The first thing is to treat\varnish the wood. Then fix the aluminium panesl, and instead of the traditional Dumdum paste I used a modern sealant (It was not Silicone, unfortunately I don't remember what I used, try a good builders merchant).
Loosely assemble the frame and trial fit the roof section. You need to move the frame until all fits in line then tighten up, checking the fit all the time. The kit came with clear inmstruction I seem to remeber. I had to trim the rear doors to get them to fit and also I made spacers to adjust the level of the outside of the door to match the main frame. (I also used dome nuts for the hinges as they are neater than the original plain nuts.)
By the way I used screws to fix the roof and guttering on, rather than nails.
good luck,
Alec
Posted: Fri Aug 13, 2004 9:46 am
by Kevin
Alec can you remember what it was like to remove as I have heard stories about removing the wood from the "B" posts, and then the corrosion that was hidden by the wood, or did you not have problems in these areas.
Posted: Fri Aug 13, 2004 11:30 am
by Alec
Hello Kevin,
I don't remember any real problems in the 'B' post area, but I had to renew large parts of the rear wing flanges.
Alec
Posted: Fri Aug 13, 2004 8:22 pm
by britab1967
Kevin
Luckily the wood on Molly is one of her best features and is sound all around, but I have taken the back section off so that I can replace the sills and repair the rear wheel arches.
I had no problems removing the bolts around the 'B' pillar or around the roof section. My main problems were the bolts in the rear floor and all of the screws which hold the frame onto the wheel arch flanges.
The aluminium panels looked fine until I removed the battens which hide their edges but on taking them off I found severe corrosion on most of them.
I have left the back section as a complete unit because I coudn't figure out how the gutter channel was attached, and I don't really need to take it apart anyway.
Good luck and if I'm sure you'll get as much help as possible from the forum. Everyone has been very forthecoming with answers to any of my questions.
I have cosidered using caravan sealent when I put it back together, as it doesn't go hard and is available on a roll, like double sided tape, so is easy to apply.

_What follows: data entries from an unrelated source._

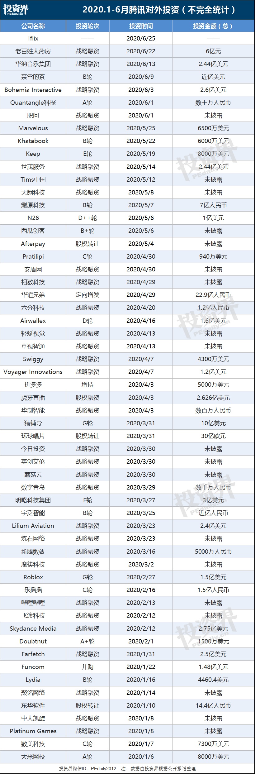 投资界不完全统计,2020上半年,腾讯共对外公开了近60家投资案例,平均每3天投资1家公司,堪称上半年最活跃的投资机构。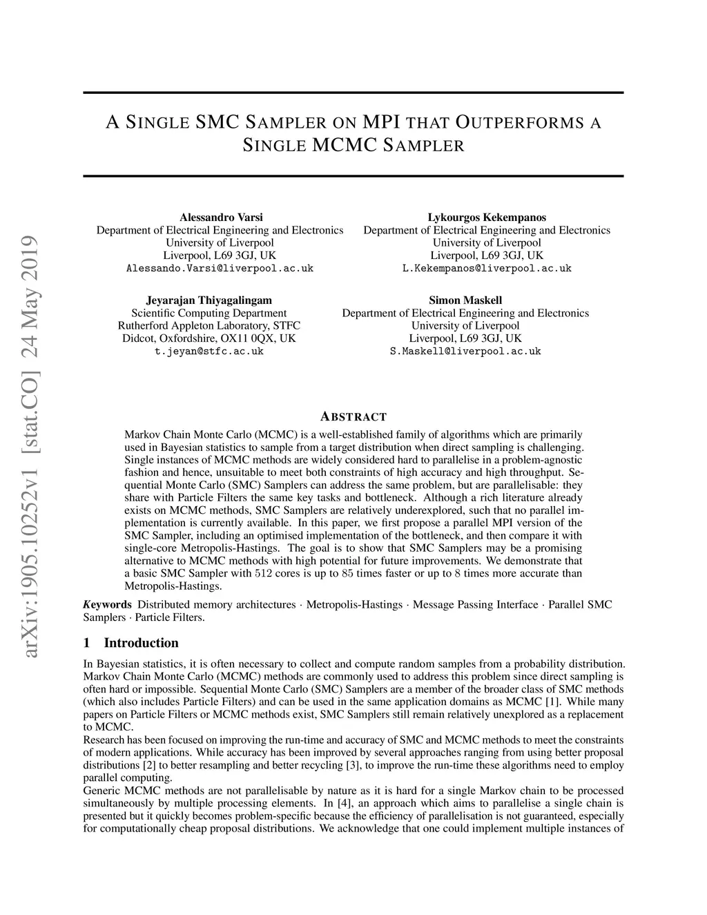 A Single SMC Sampler on MPI that Outperforms a Single MCMC Sampler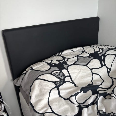 Tukeva itse valmistettu sängynpääty 120 cm leveään vuoteeseen. Puulevy verhoiltu ohuella vanulla ja huputettu muotoonommellulla huonekalukankaalla. Niitit vain alareunassa, joten verhoilu helppoa vaihtaa. Levyn alareunassa 2 porattua reikää (ks kuva) mahd. kiinnitystä varten, minulla pääty oli lattialla ilman kiinnitystä, ja pysyi hyvin paikoillaan. Huom! Kamera vääristää muodon, pääty on suorakaide pyöristetyin yläkulmin.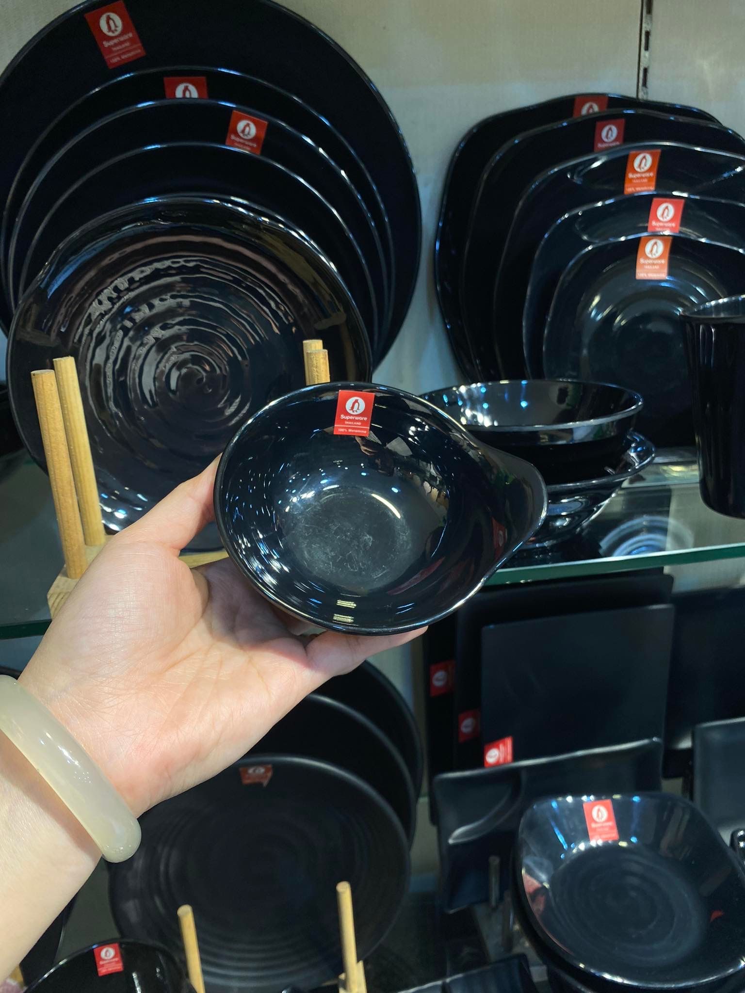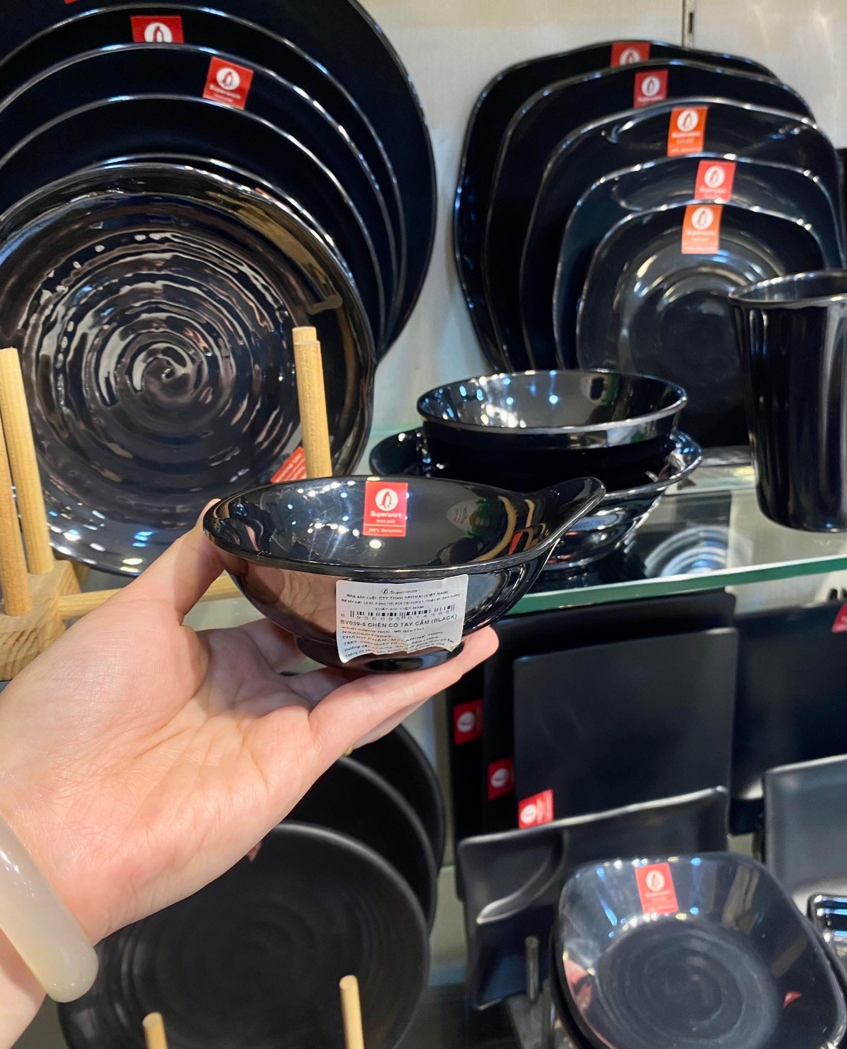Đặc điểm riêng của bát có tay cầm melamine Thái Lan Superware đen bóng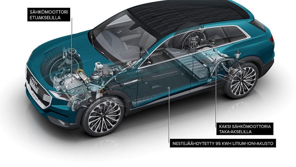 Audi on vahvistanut, että sen Frankfurtin autonäyttelyssä esittelemä e-tron quattro maasturikonsepti on merkin ensimmäinen pelkällä sähköllä kulkeva automalli.

Posted: Fri Aug 13, 2004 8:40 pm
by Alec
Hello Brit,
for future information, the channel is, roughly speaking, a U section before fitting. The roof panel is first attached to the woodwork then the channel put in position and nailed through the roof. The upper lip is then dressed down leaving an 'L' section around the roof. To remove you need to prise up the flange that was dressed down to cover the nails, lever the channel away from the roof, bit by bit, then tap back a bit allowing you to pull out the securing nail. If you are replacing the channel with a new one then simply lever away from the roof.
Hope that makes sense.
Alec
Posted: Fri Aug 13, 2004 9:12 pm
by Kevin
I have cosidered using caravan sealent when I put it back together, as it doesn't go hard
Neither does Dum Dum the original sealer but it can creep if a bit too much is applied over time and is the only thing you should use on the rear glass in the doors.